Ofcourse your wedding isn’t about her, who even suggested that it was? This wedding is about you and your fiancé, but don’t make the mistake of uninviting your future mother inlaw as this will be looked upon as the cause of many issues for years to come.
Post # 16
I know this is a really awful situation, and (only going by the information in this post), I think you should try and get your fiance to sort this out with his mother. She is his mother, not yours, and if your parents had an issue with your fiance, I would hope you would be the one to deal with it. As many previous posters said, loads of MILs have issues with their sons getting married.
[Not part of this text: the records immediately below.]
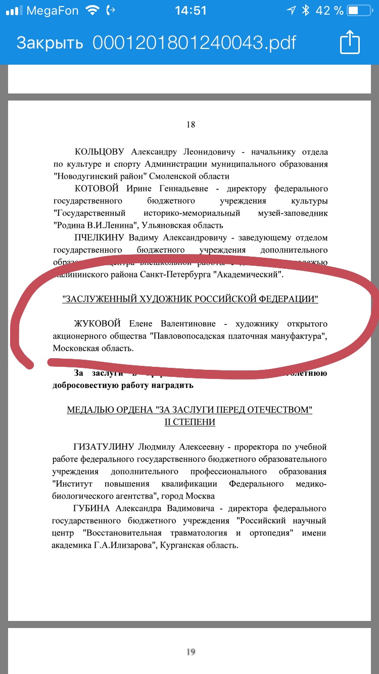 Елене Жуковой указом президента присвоено звание заслуженного художника России. Указ от января, но узнали только сегодня!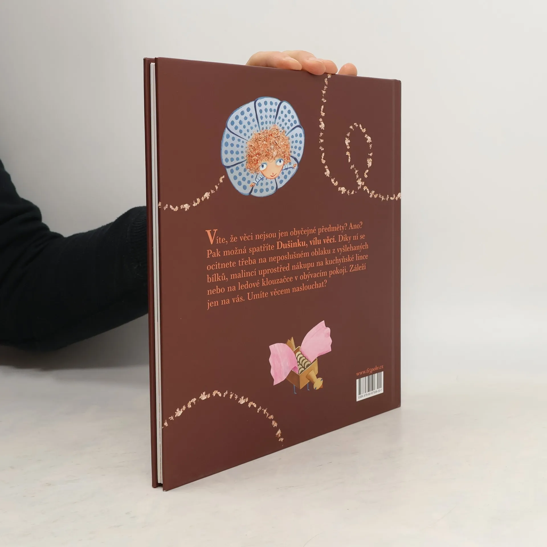 Sedm příběhů pro děti, které ví, že věci nejsou jen obyčejné předměty. Právě takové děti totiž můžou spatřit Dušinku, vílu věcí, a spolu s ní zažít nečekaná dobrodružství třeba uprostřed nákupu vyskládaného na kuchyňské lince, na neposluš¬ném oblaku z vyšlehaných bílků nebo na ledem pokryté klouzačce v obývacím pokoji. Příběhy napsala Ester Stará, autorka oceněných knih pro děti A pak se to stalo! a Chrochtík a Kvikalka na cestě za blýskavým prasátkem a ilustrovala přední česká výtvarnice Lucie Dvořáková.
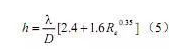 熱量傳遞系數(shù)h與流體的熱傳導(dǎo)率、動(dòng)力學(xué)粘度、流體速度和熱線直徑有關(guān),表示為: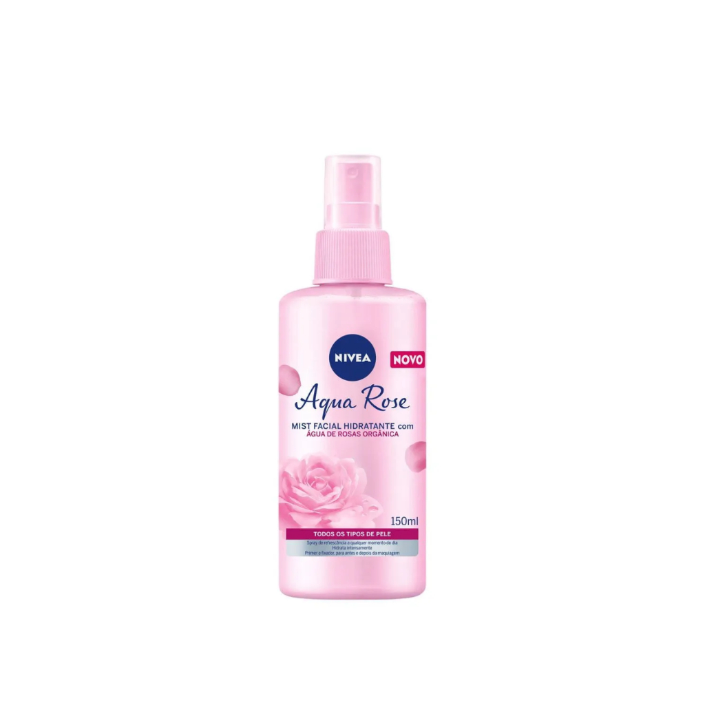 NIVEA Aqua Rose Hidratante facial em spray com águas de rosas orgânicas. Nivea Aqua Rose oferece hidratação intensa e refrescante para qualquer hora do seu dia. NIVEA Hidratante Facial Mist Aqua Rose é um produto desenvolvido para cuidar e refrescar a pele do rosto. Sua fórmula em spray proporciona uma absorção imediata, sem deixar a pele oleosa. Pode ser usado como um primer e fixador para antes e depois da maquiagem, podendo ser reaplicado durante o dia. Dermatologicamente testado. Livre de parabenos, silicone, sulfato, óleo mineral e álcool etílico. NIVEA Hidratante Facial Mist Aqua Rose O NIVEA Mist facial é um spray de absorção imediata que promove hidratação e refrescância em qualquer momento do dia. Também é indicado para ser usado como primer ou fixador.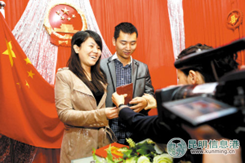 ????“從今天開始,我們將共同肩負起婚姻賦予我們的責任和義務(wù),上孝父母,下教子女,互敬互愛?!边@是準新人潘婷和楊冰峰結(jié)婚登記時的誓言。昨天是周末,適逢一年一度的光棍節(jié)。在這個特殊的日子里,五華區(qū)政府政務(wù)服務(wù)中心工作人員放棄休假,為27對新人辦理了結(jié)婚登記。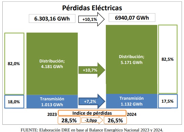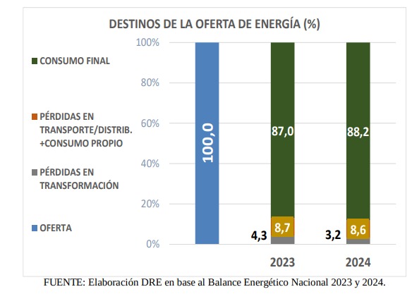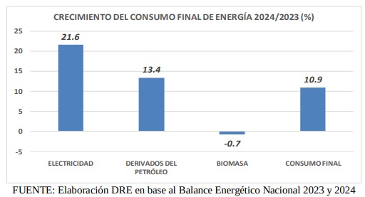 El incremento registrado en el consumo de electricidad en el año 2024 significó un aumento de 2,3 puntos porcentuales en su participación en la estructura del consumo final de energía a nivel nacional, mientras que el incremento en el consumo de derivados del petróleo representó 1 punto porcentuales más en dicha estructura.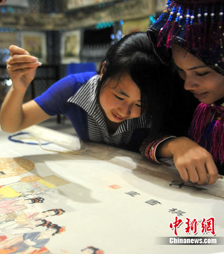 8月10日,上海世博會海南活動周繼續舉行。在寶鋼大舞臺“非遺”傳習區,海南苗妹以少女秀發作線,繡出傳神畫作。據介紹,古時海南苗族人為了躲避戰亂,不斷往山里遷徙。由于在山里無法獲得絲線,愛好紡織的苗族婦女便發明了發繡。發繡藝術歷史悠久,有“無字史書”的美稱,具有極高的文化內涵和欣賞價值。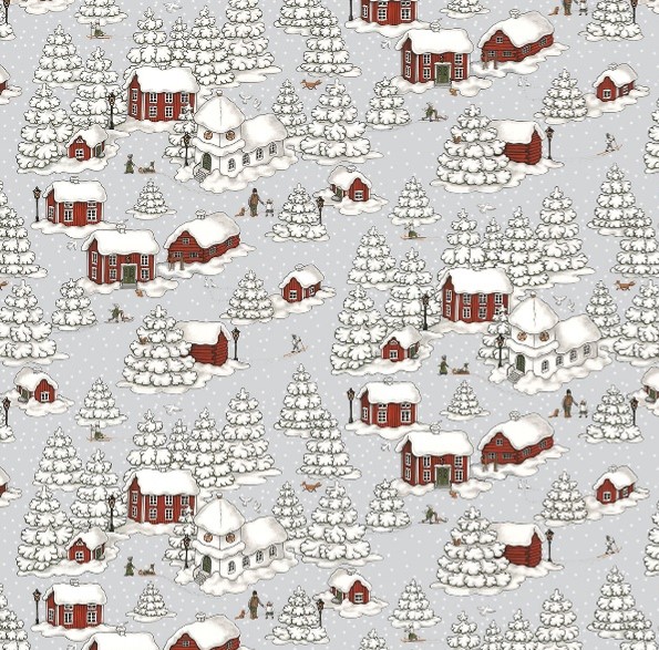 Painettu puuvillakangas, jossa talvinen kylämaisema. Soveltuu verhoihin, pöytäliinaksi, kangastauluksi, sisustustyynyiksi jne.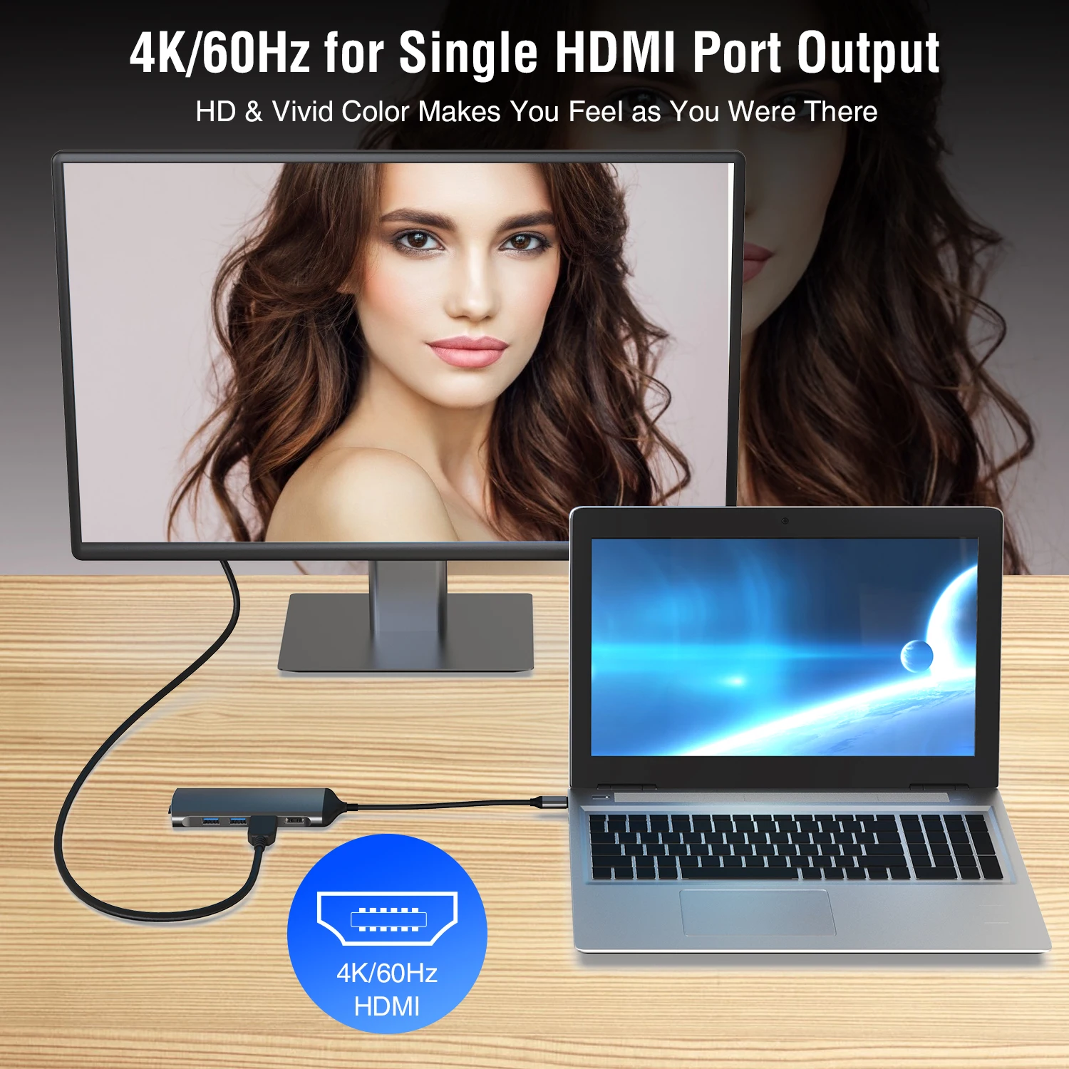Single HDMI 4K/60Hz for Windows & Mac OS laptop

My mum hated my SIL right up until about six months before the wedding, and since getting engaged, my Future Mother-In-Law (who I usually get on with really well) has been a little funny about how her son is “treated”.
You say that you Future Mother-In-Law won’t meet you and your fiance at your house and instead demands you meet at her hometown – why not aim for halfway? Sure, it sucks that you feel you and your fiance are the ones always going to her house, but I think here, you need to meet in neutral territory. Just Future Mother-In-Law and your fiance – while this may be about you, it’s something that your fiance should have sorted out with his mother as soon as it started.
Also, you mentioned that you are just “going through the motions” with the counselling. The counsellor told you that engaging in therapy is the most important thing – are you engaging to the best of your ability?? This is family! You can’t have a lifelong family feud, simply because you couldn’t be bothered to put in the effort with counselling (sure, Future Mother-In-Law may not be engaging as well as she could, but don’t ever let anyone say you didn’t do your best).
Ultimately, I don’t know the full story here, but whatever it is, is it really worth potentially cutting your fiance’s family out of your lives? If she really is such a matriarch then, not only could your fiance’s relationship with her be down the drain, but the relationship with his father, siblings, aunts, uncles, cousins…it has repercussions. Lots of them. Not to mention when you have children, they may never get the chance to know their grandparents or cousins. If that’s something you’re able to deal with, then by all means, disinvite your Future Mother-In-Law from the wedding.